Why are mutual funds a better investment than investing in single stocks? ›

The primary reasons why an individual may choose to buy mutual funds instead of individual stocks are diversification, convenience, and lower costs.

What are 3 advantages of STP? ›

Advantages of the STP cable

It has lower noise and attenuation than UTP. It is shielded with a plastic cover that protects the STP cable from a harsh environment and increases the data transmission rate. It reduces the chances of crosstalk and protects from external interference.

What are two advantages of STP? ›

Benefits of Shielded Twisted Pair Cables (STP)

Highly resistant to crosstalk and electromagnetic interference. An overall smaller diameter makes it easier to perform tricky maneuvers while cable runs. Better performance in both indoor and outdoor setups.

What are some facts about STP? ›

History. Chemical Compounds was founded in 1953 by three businessmen, Charles Dwight (Doc) Liggett, Jim Hill and Robert De Hart, with $3,000 in start-up capital in St. Joseph, Missouri. Their sole product was STP Oil Treatment; the name was derived from “Scientifically Treated Petroleum”.

What are disadvantages of lump sum investing? ›

Higher initial risk: Due to the single, larger investment, lumpsum investors often face higher initial risk. The value of the investment can experience immediate fluctuations, which could lead to substantial gains or losses.

What are the disadvantages of STP in mutual funds? ›

Disadvantages of STP

Taxation: Short term capital gain (STCG) tax is applicable on STP. This happens because units are essentially redeemed from one scheme and are invested in another scheme. The consideration of a switch as redemption prompts this capital gains tax.

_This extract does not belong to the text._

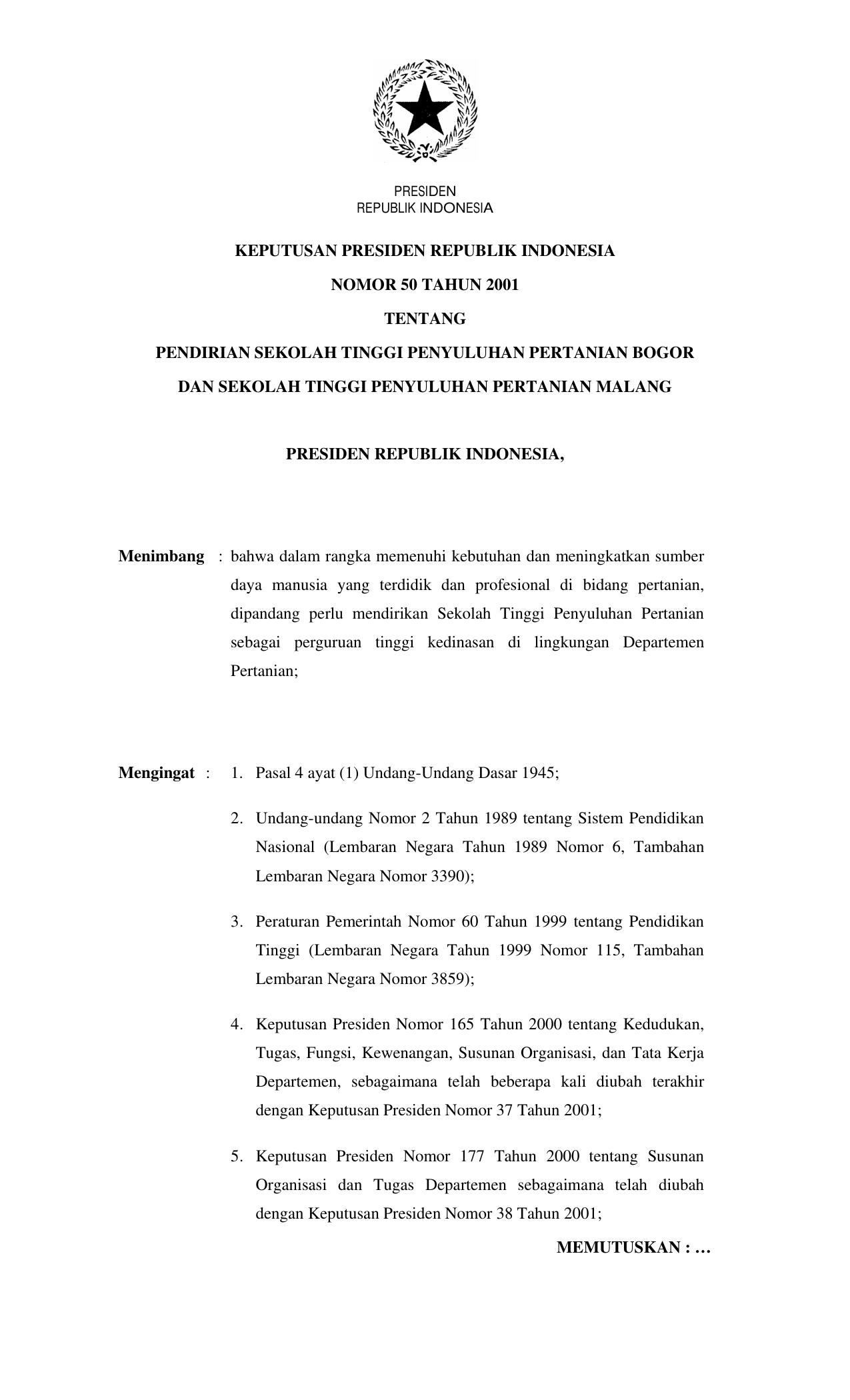 KEPPRES Nomor 50 Tahun 2001 | Keputusan Presiden Nomor 50 Tahun 2001 tentang PENDIRIAN SEKOLAH TINGGI PENYULUHAN PERTANIAN BOGOR DAN SEKOLAH TINGGI PENYULUHAN PERTANIAN MALANG

Why is STP important in mutual funds? ›

A systematic transfer plan or simply STP is a type of plan facilitating the investment of a given sum amount into the mutual funds in a specific way. This plan gives investors the power to shift their investment from one resource to another thereby providing safety from the fluctuations happening in the market.

How STP is better than SIP? ›

SIPs are ideal for long-term investors who want to invest on a regular basis. STP, on the other hand, can be used for the same purpose. However, one must put a big sum of money into a fund and then transfer it monthly for a set length of time. SIPs are better suited to investors who have a lump sum of money to invest.